Around the same time, he moved into a nearby apartment with his mother and brother. His brother is also his closest colleague: they started the café together, and he is the first person ʿUmar calls when there is a problem with the business. Alongside his apartment around the corner, the café functions as a second home. He spends most of his hours in and around it, together with his employees and what he jokingly describes as the most important family member of all: his cat. As several customers put it, “The cat is like the landmark of the café; everyone knows and loves him.”[ii]

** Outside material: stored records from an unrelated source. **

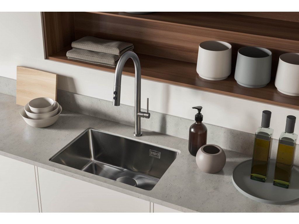Funkční kuchyňská baterie byla navržena s ohledem na vysokou použitelnost a estetický vzhled. Díky elegantnímu designu se hodí do moderních, ale i skandinávských či tradičnějších interiérů. Dřezová baterie má perlátor, který snižuje životnost vody, což je velmi důležité při ručním mytí nádobí. Provzdušňovaný proud je navíc měkčí. Výlevku lze navíc vytáhnout na dlouhou a ohebnou hadici, což usnadňuje oplachování velkých a podměrečných předmětů, například plechu na pečení z trouby nebo police z chladničky. Baterie má přepínač průtoku vody z provzdušňované na dešťovou vodu.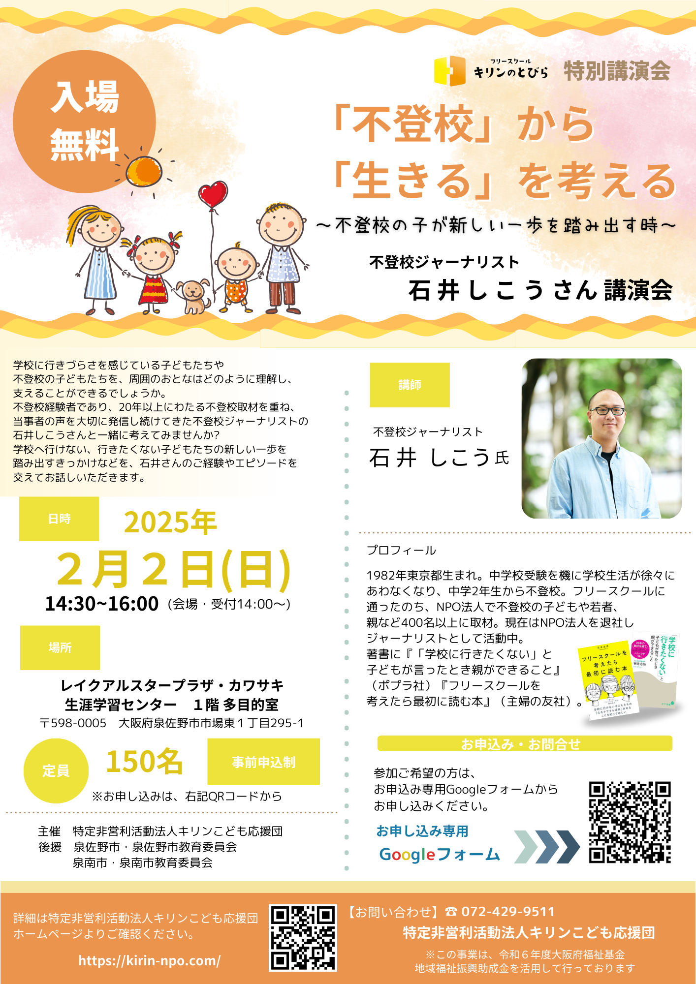 当事者の声を大切に発信し続けてきた不登校ジャーナリストの 石井しこうさんと一緒に考えてみませんか?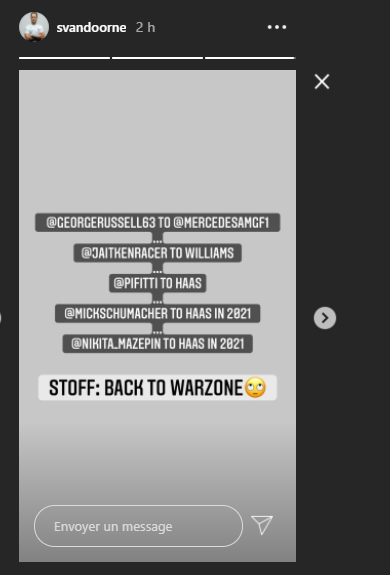 « George Russel chez Mercedes, Jack Aitken chez Williams, Pietro Fittipaldi chez Haas, Mick Schumacher chez Haas en 2021, Nikita Mazepin chez Haas en 2021. Stoff : de retour à Warzone (le jeu vidéo Call of Duty). » a écrit le Belge.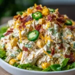 Nutritionally speaking, this salad delivers. Packed with protein from the chicken and cheese, it keeps you energized and satiated, making it ideal for lunch, a light dinner, or even a delicious snack. The beautiful colors—bright green from fresh jalapeños, golden bacon crumbles, and creamy white cheese—catch your eye, turning an ordinary meal into a feast that’s as pleasing to the eye as it is to the palate.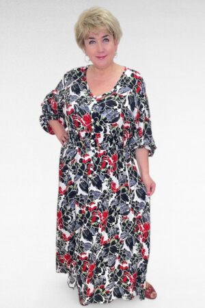 Punasekirju eest nööpidega pluss suuruses naiste suvekleit/maksikleit (KL.107)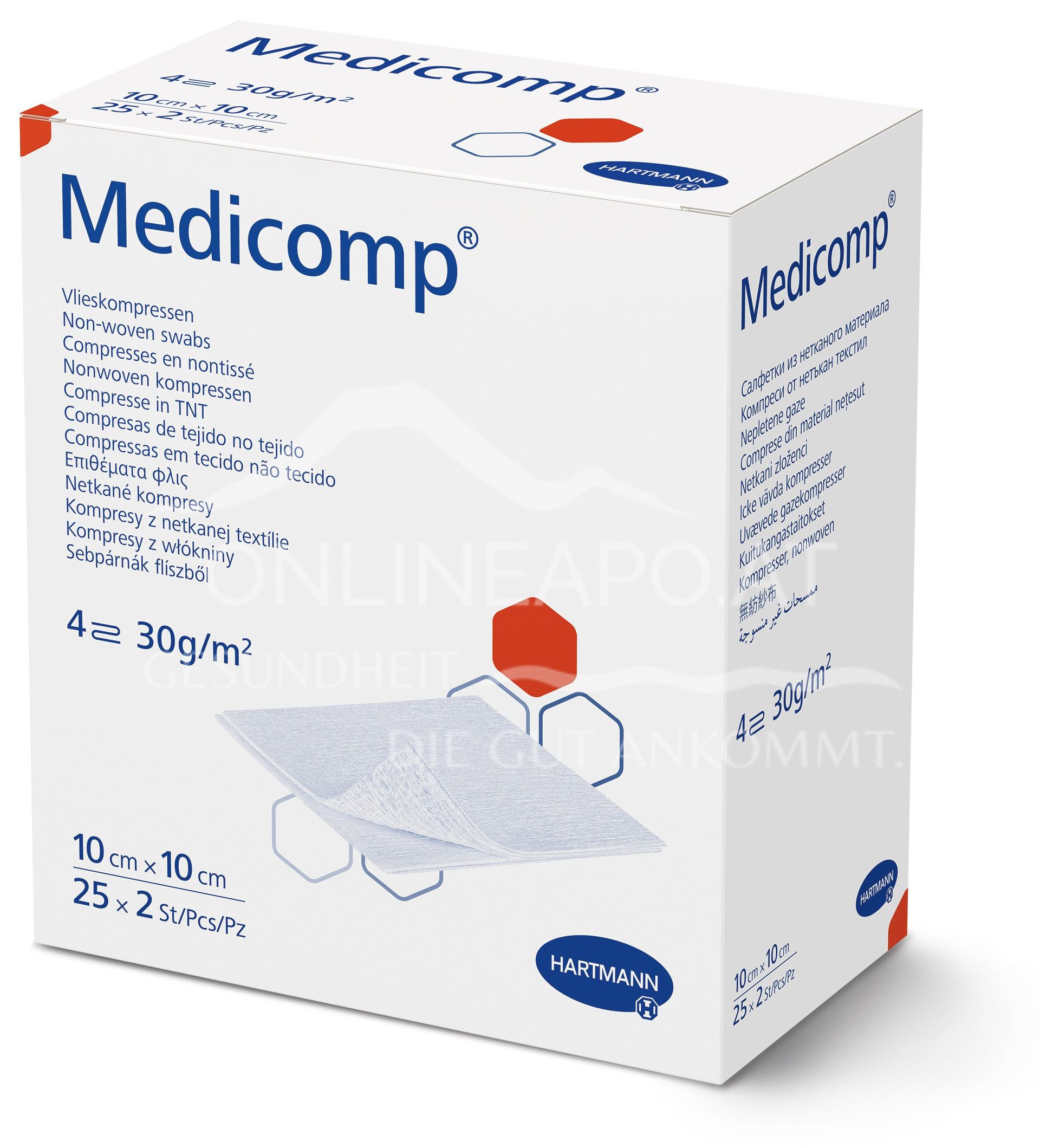 Medicomp® Vlieskompressen steril sind saugfähige und sterile Kompressen zur Versorgung von Wunden. Sie eignen sich optimal für die postoperative Versorgung, die ambulante Wundbehandlung und die Versorgung kleinerer Verletzungen.

‘Alī (35) was born in Minya, a city in Upper Egypt. He spent his early years in this smaller city but has lived in Cairo for more than twenty‑five years. There, he lives with his family, although not all of his relatives have moved to Cairo. As he put it, “I am not fully settled anywhere; I go back and forth. But my family is here, alhamdulillah.”
When he first arrived to Cairo, he worked as an employee in Ḥalāwa, another ʾahwa in the neighborhood of al-Munīra. This workplace gave him the knowledge and experience to open his own ʾahwa around the corner. As a ʾahwa owner, he spends most of his days and nights in and around the café. During the interview, I asked him how he would describe his ʾahwa. Instead of explaining, he took me through the space, pointing out what was important to him. In the next section, I present these objects and people through photographs. Rather than words, these photos provide a vivid sense of the objects and people that shape what a ʾahwa means for ‘Alī himself.
[i] The term madrasa derives from the Arabic root d-r-s, meaning “to study” or “to learn.” From the same root, dars refers to a lesson, while mudarris denotes a teacher. In research on madāris (plural of madrasa) in the Middle East, Professor Ichraka explains that the term historically referred to institutions of education in which primarily Islamic sciences are taught (Ichraka 2013). However, in everyday Egyptian Arabic, madrasa can also refer more generally to schooling when no specific educational context is implied. This broader usage is also reflected in my conversation with ʿUmar, whose education was not limited to Islamic sciences.
[ii] The photograph of his cat and all further photographs in this paper are made by the author.